Scientists nationwide have reported irregularities in email communications, missing project logs, and obstacles in institutional workflows — casting a shadow over the credibility and continuity of agricultural research infrastructure.
Why This Matters — And What’s Next
For a research ecosystem as vast and vital as ICAR’s, the trust of stakeholders — from scientists to policy-makers — hinges on data integrity. A breach of this scale without transparent accountability or external forensic audit undermines not only institutional reputation but also the larger goal of scientific transparency and fairness in recruitment.
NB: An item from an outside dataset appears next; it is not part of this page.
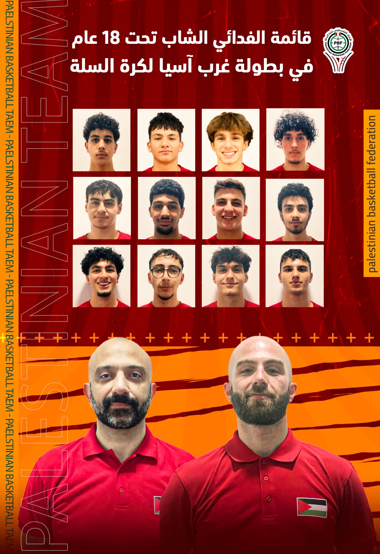 ويترأس الوفد الفلسطيني رئيس اتحاد كرة السلة إبراهيم حبش ويضم المدرب فراس سعيدة، ومساعده سعيد الناجي، و12 لاعبا هم: نصري شامية، إبراهيم علي، انجلوس مشمنت كريتسوتاكيس، محمد-ريان كيميتو، كمال شمشوم، إندراوس قمصية، أحمد طشطة، كرم البياع، عادل مسعد، باسل علم، رامز زايد، وعمر علي. كما يرافق الوفد كل من الحكم الدولي عنان دراغمة، والمسؤول اللوجستي سامر أبو غوش.
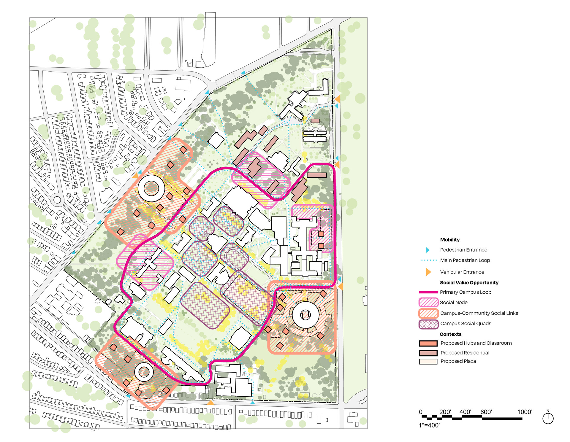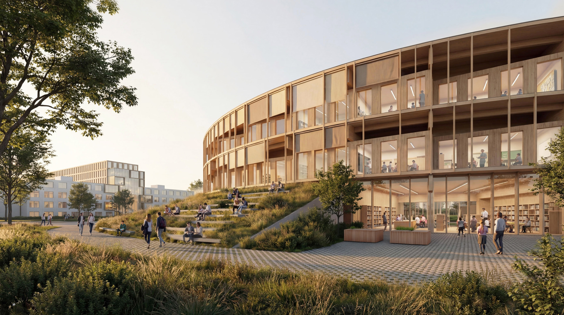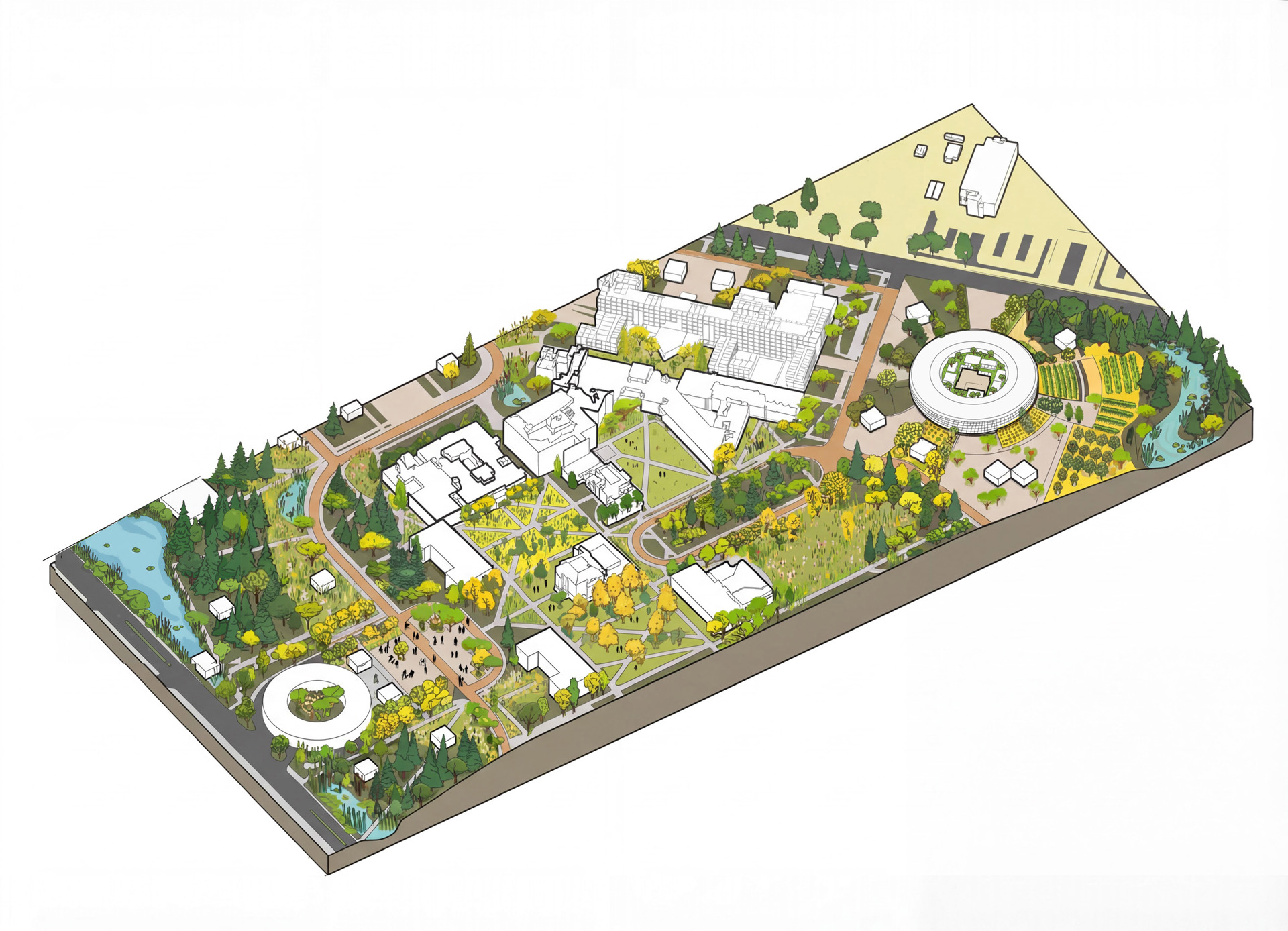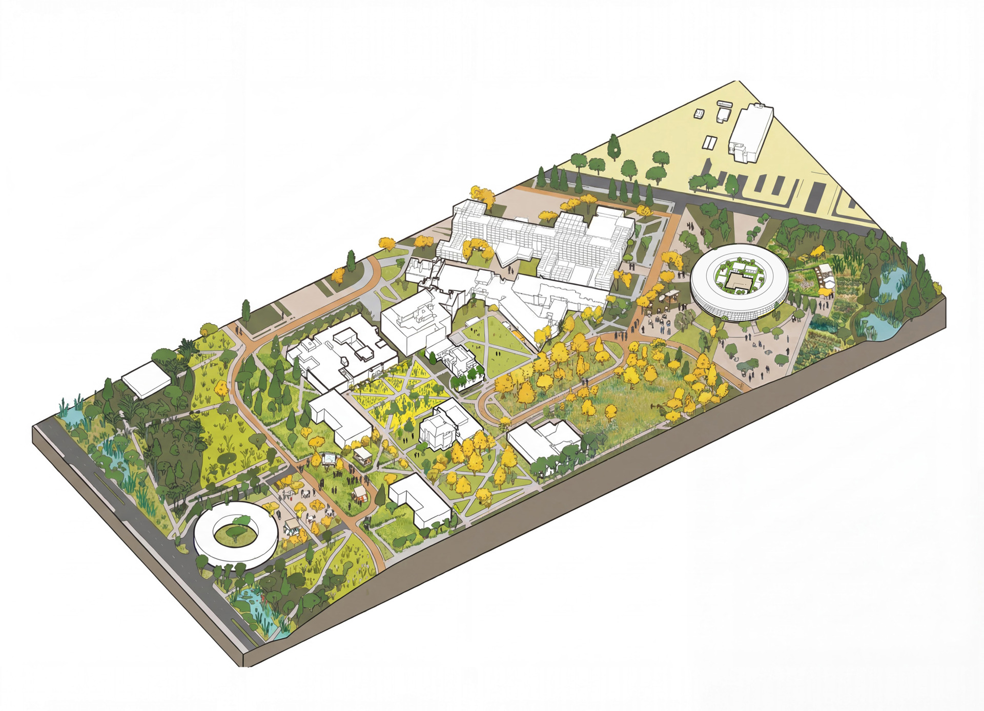 In the 2050 scenario, the team’s prediction of extreme climate effects, combined with climate migration, gave maximum priority to climatic, hydrological, and ecological adaptation, with high emphasis also placed on flexibility, accessibility, and inclusivity. This resulted in interventions including water retention basins along the low-lying eastern limits of the campus, and tree rows that add to biodiversity and serve as natural snow fences during winter. A looping path connects the entire campus as a primary mobility route, connecting a variety of hubs that serve the campus’s many users, from students to neighbourhood residents.

Going forward, stakeholders are demanding a comprehensive independent inquiry, immediate restoration of lost records (to the extent possible), and a robust cyber-security framework that includes regular audits, disaster-recovery protocols, and transparent record-keeping for all recruitments and research projects.
Shunyatax Global Note: Data Governance In Critical Institutions Can’t Be Optional
At Shunyatax Global, we emphasise that when public-interest institutions manage vital resources - whether data, research, or human capital — adherence to rigorous governance standards is non-negotiable. This episode should serve as a wake-up call for all research and public bodies to treat data security as a foundational obligation, and not an afterthought.
We will continue to track developments in this case and report any new findings, including follow-up on whether external audits are ordered, accountability fixed, and data recovery efforts succeed.